▶ _Problem statement_: Return the material below exactly, but only from the line with "Company Preferences are" through the line with "Les cités de", and without its pictures.

[Dataset]

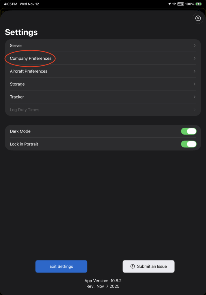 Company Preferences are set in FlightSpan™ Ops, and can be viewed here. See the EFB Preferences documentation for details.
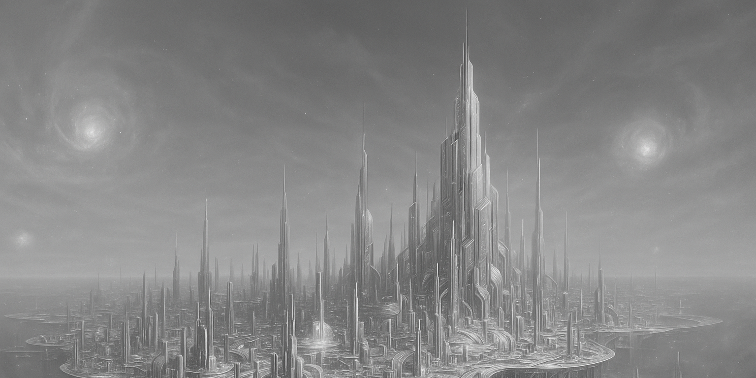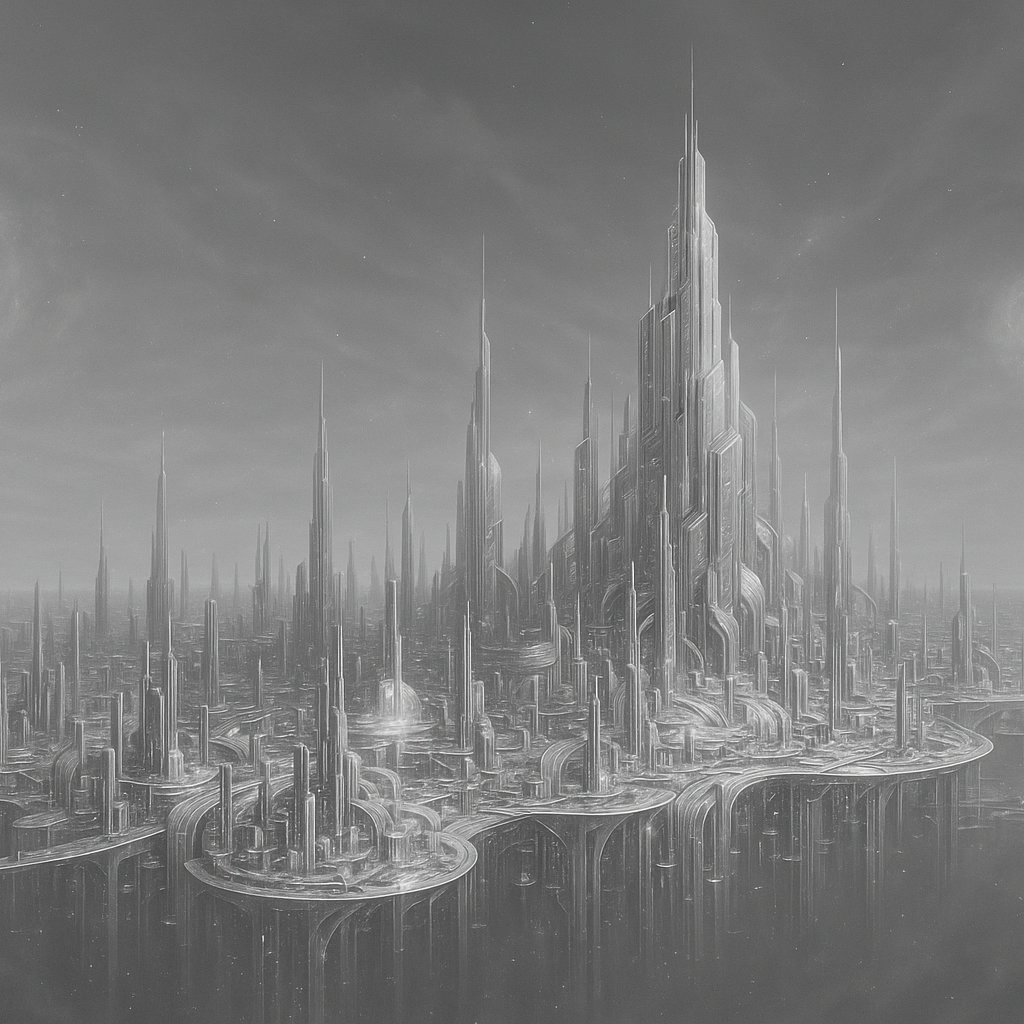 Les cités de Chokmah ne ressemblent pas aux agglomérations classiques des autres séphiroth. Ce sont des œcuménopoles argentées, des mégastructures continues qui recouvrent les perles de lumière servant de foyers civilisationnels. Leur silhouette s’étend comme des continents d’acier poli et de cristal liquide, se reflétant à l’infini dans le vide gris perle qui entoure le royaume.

[/Dataset]
[Dataset]

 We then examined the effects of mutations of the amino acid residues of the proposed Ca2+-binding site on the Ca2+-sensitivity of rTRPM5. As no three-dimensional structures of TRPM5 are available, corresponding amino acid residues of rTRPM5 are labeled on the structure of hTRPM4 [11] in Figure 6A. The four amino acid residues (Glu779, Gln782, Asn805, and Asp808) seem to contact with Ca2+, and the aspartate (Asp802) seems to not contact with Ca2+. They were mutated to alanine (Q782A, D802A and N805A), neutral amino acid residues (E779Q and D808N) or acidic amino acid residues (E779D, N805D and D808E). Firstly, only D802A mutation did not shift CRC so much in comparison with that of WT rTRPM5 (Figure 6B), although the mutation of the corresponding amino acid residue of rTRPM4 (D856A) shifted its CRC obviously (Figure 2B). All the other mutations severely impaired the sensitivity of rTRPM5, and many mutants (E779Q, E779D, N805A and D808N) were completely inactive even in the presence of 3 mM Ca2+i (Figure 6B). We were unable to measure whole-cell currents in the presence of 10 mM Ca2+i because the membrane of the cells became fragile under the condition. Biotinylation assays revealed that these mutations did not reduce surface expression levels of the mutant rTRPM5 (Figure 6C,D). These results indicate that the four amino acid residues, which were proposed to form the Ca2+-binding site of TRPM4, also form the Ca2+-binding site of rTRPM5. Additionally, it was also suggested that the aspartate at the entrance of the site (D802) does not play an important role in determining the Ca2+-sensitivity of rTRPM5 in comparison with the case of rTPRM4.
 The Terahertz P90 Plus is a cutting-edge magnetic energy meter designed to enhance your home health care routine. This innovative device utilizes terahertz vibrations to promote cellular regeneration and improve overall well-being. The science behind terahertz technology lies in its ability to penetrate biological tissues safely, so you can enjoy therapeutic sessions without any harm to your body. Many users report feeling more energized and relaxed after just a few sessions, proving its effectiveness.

[/Dataset]
[Dataset]

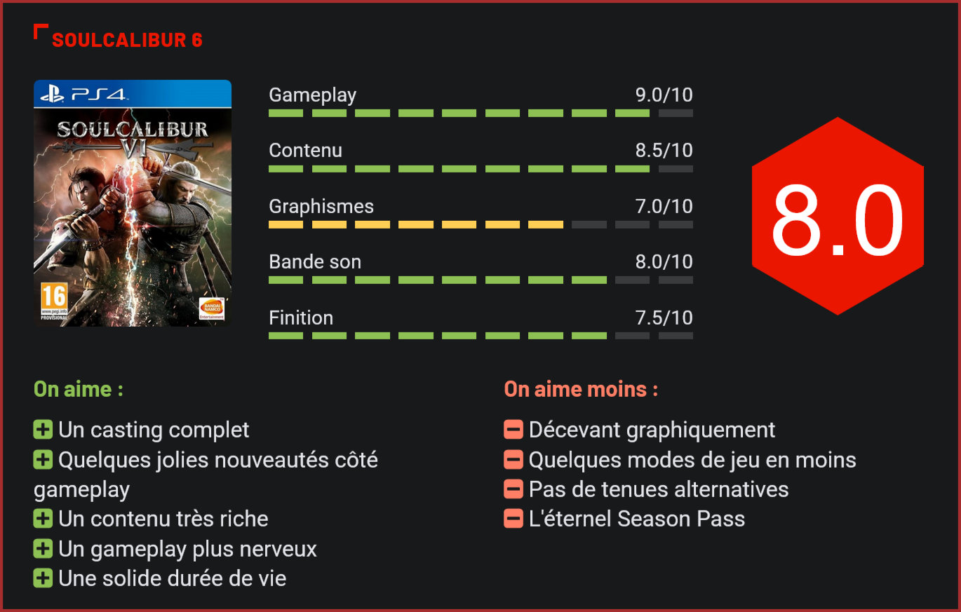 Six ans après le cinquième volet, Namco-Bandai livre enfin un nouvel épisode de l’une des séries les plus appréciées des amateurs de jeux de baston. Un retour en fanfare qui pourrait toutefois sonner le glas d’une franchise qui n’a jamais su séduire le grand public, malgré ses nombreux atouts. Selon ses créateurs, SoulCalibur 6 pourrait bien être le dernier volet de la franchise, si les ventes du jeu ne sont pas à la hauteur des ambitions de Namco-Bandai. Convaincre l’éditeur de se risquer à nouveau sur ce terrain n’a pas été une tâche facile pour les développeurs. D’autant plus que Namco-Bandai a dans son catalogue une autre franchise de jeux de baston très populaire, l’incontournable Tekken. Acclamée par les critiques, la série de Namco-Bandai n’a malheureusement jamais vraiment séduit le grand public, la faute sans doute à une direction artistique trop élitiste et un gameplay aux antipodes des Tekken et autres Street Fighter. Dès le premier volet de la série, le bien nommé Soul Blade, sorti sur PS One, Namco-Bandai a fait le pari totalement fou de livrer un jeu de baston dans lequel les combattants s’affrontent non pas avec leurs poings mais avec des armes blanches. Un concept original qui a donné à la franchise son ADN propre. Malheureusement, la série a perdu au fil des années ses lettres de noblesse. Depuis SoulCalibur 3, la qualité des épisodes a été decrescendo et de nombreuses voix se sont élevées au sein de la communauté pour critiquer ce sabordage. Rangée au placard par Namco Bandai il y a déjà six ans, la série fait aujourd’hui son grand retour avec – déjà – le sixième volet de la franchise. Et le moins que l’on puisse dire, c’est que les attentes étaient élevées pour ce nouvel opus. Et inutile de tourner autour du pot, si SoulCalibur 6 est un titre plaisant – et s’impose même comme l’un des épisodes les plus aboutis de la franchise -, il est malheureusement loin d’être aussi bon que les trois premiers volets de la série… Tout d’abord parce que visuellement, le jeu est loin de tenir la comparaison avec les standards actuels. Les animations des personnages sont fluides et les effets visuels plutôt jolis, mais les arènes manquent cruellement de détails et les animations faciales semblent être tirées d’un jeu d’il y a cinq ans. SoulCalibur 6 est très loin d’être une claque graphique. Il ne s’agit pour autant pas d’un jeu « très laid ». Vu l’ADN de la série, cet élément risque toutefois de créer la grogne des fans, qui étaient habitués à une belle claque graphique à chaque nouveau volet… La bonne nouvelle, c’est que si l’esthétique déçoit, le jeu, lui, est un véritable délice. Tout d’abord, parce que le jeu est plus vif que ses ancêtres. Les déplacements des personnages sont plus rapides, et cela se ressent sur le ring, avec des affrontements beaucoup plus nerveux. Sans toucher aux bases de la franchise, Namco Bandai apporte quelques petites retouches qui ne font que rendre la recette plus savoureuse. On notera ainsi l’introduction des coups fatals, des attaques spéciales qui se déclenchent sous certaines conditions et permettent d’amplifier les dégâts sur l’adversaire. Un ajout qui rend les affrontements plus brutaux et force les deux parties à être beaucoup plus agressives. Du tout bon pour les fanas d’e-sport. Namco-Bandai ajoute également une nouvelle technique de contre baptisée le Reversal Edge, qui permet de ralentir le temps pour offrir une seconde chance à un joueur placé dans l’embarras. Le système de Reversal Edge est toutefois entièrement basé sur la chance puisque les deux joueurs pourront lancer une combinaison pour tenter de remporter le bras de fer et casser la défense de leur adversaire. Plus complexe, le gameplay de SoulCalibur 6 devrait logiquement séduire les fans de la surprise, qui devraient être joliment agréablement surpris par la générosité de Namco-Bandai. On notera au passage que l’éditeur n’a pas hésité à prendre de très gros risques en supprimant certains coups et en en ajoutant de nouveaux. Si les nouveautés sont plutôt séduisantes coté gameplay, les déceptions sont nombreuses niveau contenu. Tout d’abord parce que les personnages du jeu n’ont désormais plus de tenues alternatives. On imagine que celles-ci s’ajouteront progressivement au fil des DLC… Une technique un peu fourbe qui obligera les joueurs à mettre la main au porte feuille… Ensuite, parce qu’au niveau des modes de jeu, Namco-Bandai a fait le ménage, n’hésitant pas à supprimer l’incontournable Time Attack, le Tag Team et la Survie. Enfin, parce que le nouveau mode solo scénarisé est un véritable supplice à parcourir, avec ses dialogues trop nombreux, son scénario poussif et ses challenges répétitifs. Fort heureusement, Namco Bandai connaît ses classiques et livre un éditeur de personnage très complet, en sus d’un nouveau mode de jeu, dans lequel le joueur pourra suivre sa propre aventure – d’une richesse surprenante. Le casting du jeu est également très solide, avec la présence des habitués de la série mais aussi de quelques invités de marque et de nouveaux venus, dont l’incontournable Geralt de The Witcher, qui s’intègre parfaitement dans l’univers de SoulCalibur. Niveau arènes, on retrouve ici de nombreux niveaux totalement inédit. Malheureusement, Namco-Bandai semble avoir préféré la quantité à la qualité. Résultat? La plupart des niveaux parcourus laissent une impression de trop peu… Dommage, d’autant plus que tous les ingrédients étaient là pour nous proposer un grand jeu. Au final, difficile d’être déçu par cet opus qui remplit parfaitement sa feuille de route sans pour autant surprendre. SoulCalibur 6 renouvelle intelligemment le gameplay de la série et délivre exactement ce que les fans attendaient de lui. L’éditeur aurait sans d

[/Dataset]

▶ _Completed task_:
 Company Preferences are set in FlightSpan™ Ops, and can be viewed here. See the EFB Preferences documentation for details.
 Les cités de Chokmah ne ressemblent pas aux agglomérations classiques des autres séphiroth. Ce sont des œcuménopoles argentées, des mégastructures continues qui recouvrent les perles de lumière servant de foyers civilisationnels. Leur silhouette s’étend comme des continents d’acier poli et de cristal liquide, se reflétant à l’infini dans le vide gris perle qui entoure le royaume.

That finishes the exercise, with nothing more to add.